我做錯了什么? 我試圖在SparkSession上更改一些參數:
.config("spark.executor.instances", 7) \
.config("spark.executor.cores", 3) \
.config("spark.default.parallelism", 7) \
.config("spark.driver.memory", "15g") \
我使用16GB內存,4核,8個邏輯處理器運行。 我按照此處的建議保留了一些OS資源(即使本地可能與YARN配置不同)。
完整的代碼:
from pyspark.sql import SparkSession, Row
from pyspark import SparkContext
from pyspark.ml.linalg import Vectors
from pyspark.ml.clustering import KMeans
from pyspark.ml.evaluation import ClusteringEvaluator
import numpy as np
import math
import time
def gaussianMixture(sc, spark, nPoints, nGaussian, gaussianVariance):
"""
Returns a dataframe with <nPoints> points generated randomly
around <nGaussian> centers by a normal distribution
N(<a center chosen randomly>, <gaussianVariance>)
"""
#Generating centers
meanPointsNumpy = np.random.rand(nGaussian, 2)

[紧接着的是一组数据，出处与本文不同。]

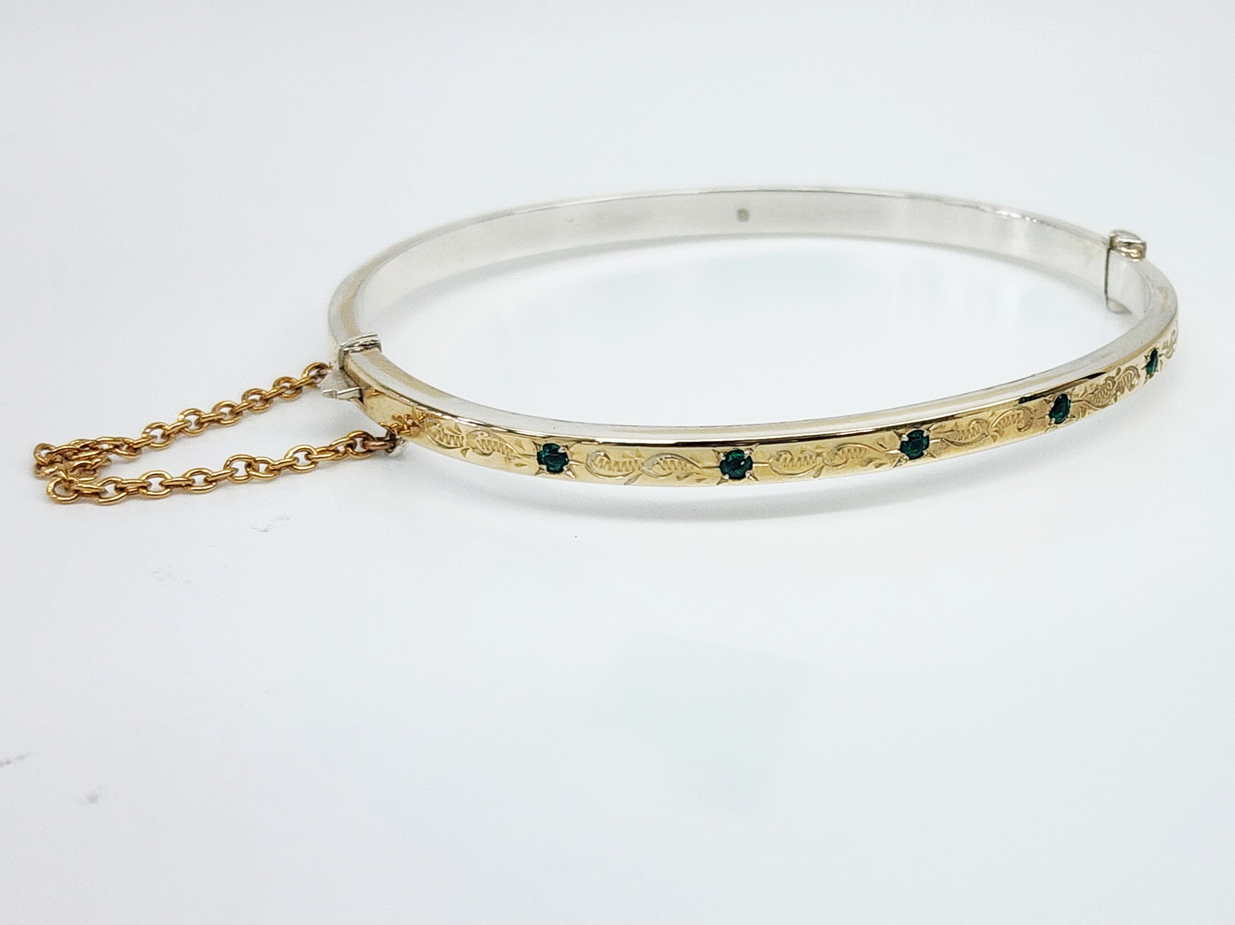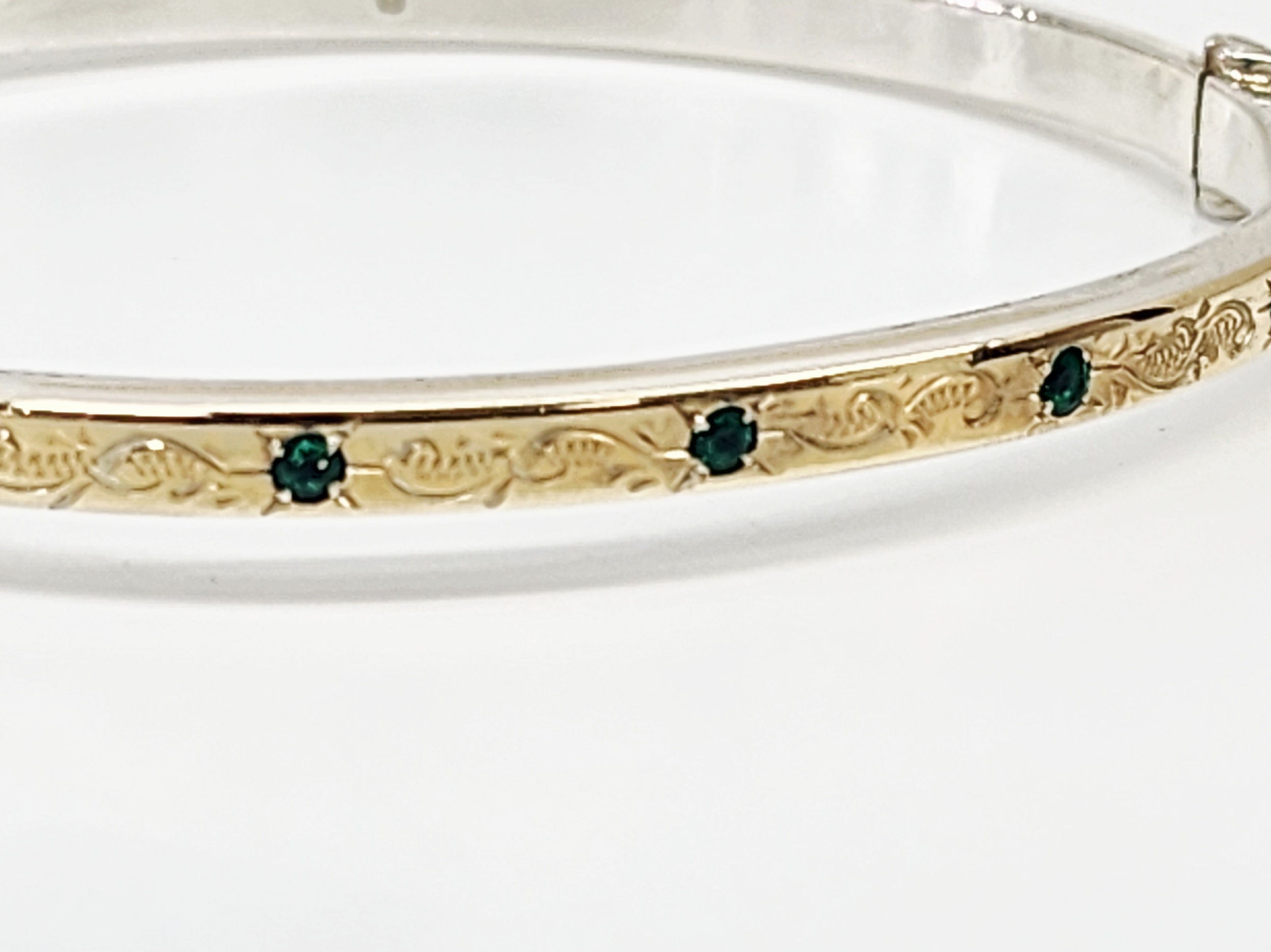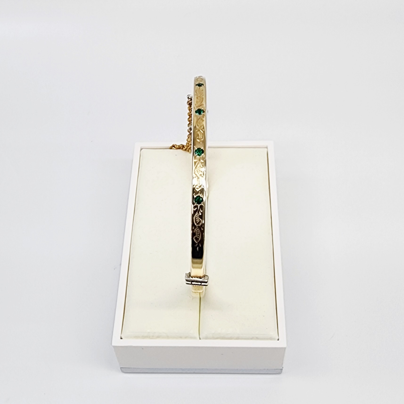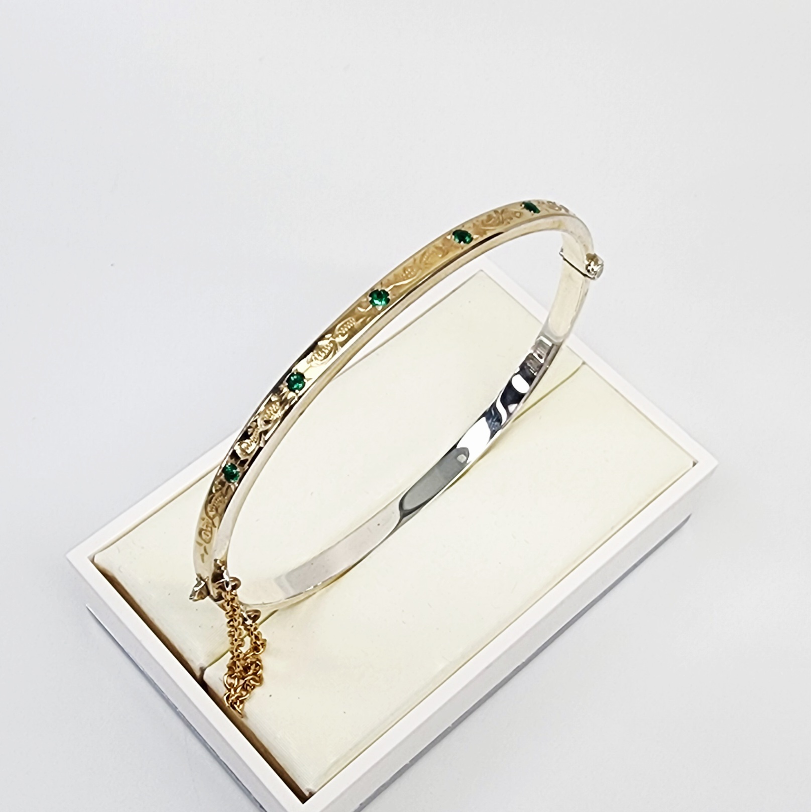 9ct Yellow Gold on Sterling Silver Hand Engraved Emerald Bangle – GS1EN5EM
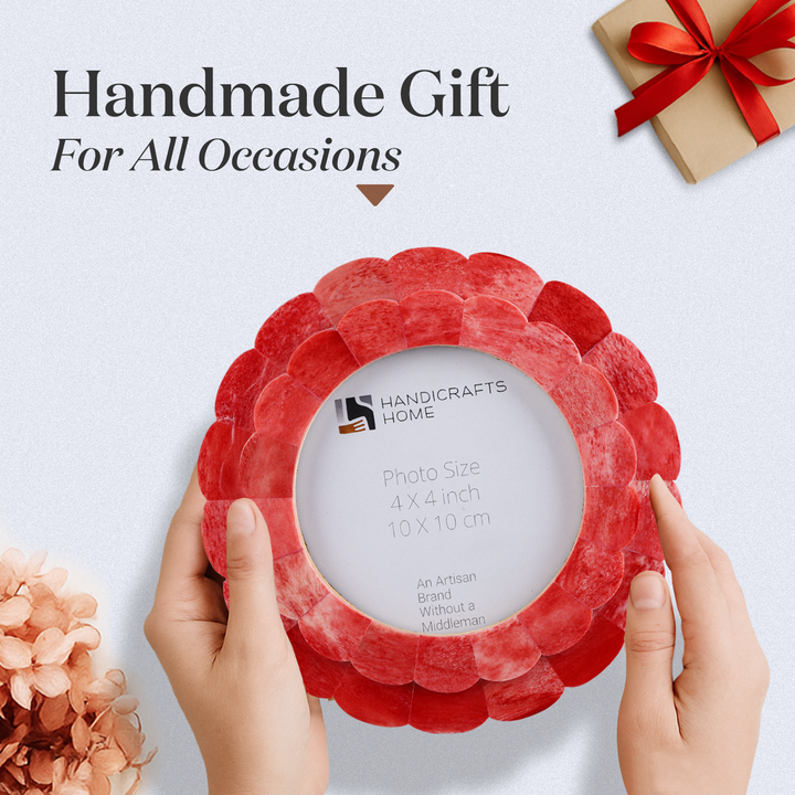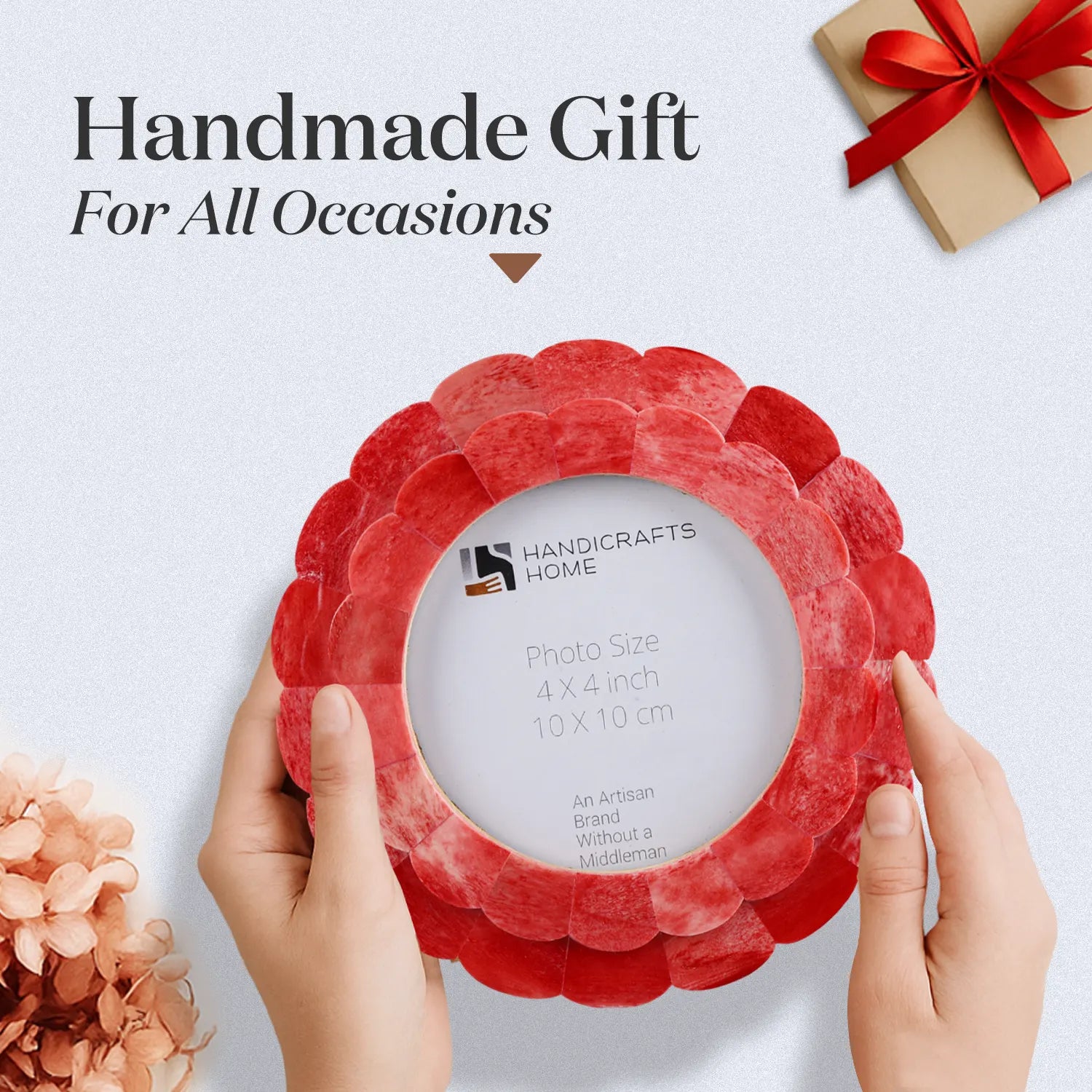 Baby Picture Frame Scallop 4x4 Picture Frames Resin Inlay Collection, Red

def geneRandomChoice(nGaussian, nPoints):
for i in range(nPoints):
yield (i, np.random.choice(nGaussian, 1))
#Generating points in a numpy ndarray
dataNumpy = np.array([
[t[0],
np.random.normal(loc = meanPointsNumpy[t[1],0], scale = math.sqrt(gaussianVariance)),
np.random.normal(loc = meanPointsNumpy[t[1],1], scale = math.sqrt(gaussianVariance))]
for t in geneRandomChoice(nGaussian, nPoints)
])
#Converting ndarray to RDD then to dataFrame
dataRDD = sc \
.parallelize(dataNumpy) \
.map(lambda x: Row(label = int(x[0]), features = Vectors.dense(x[1].astype(float), x[2].astype(float))))
data = spark.createDataFrame(dataRDD)
return data
def kMeansParallel(sc, spark, nPoints, nGaussian, gaussianVariance):
"""
Evaluates the clusters from the dataFrame created
by the gaussianMixture function
"""
dataset = gaussianMixture(sc, spark, nPoints, nGaussian, gaussianVariance)
t1 = time.time()
# Trains a k-means model.
kmeans = KMeans().setK(nGaussian)#.setSeed(1)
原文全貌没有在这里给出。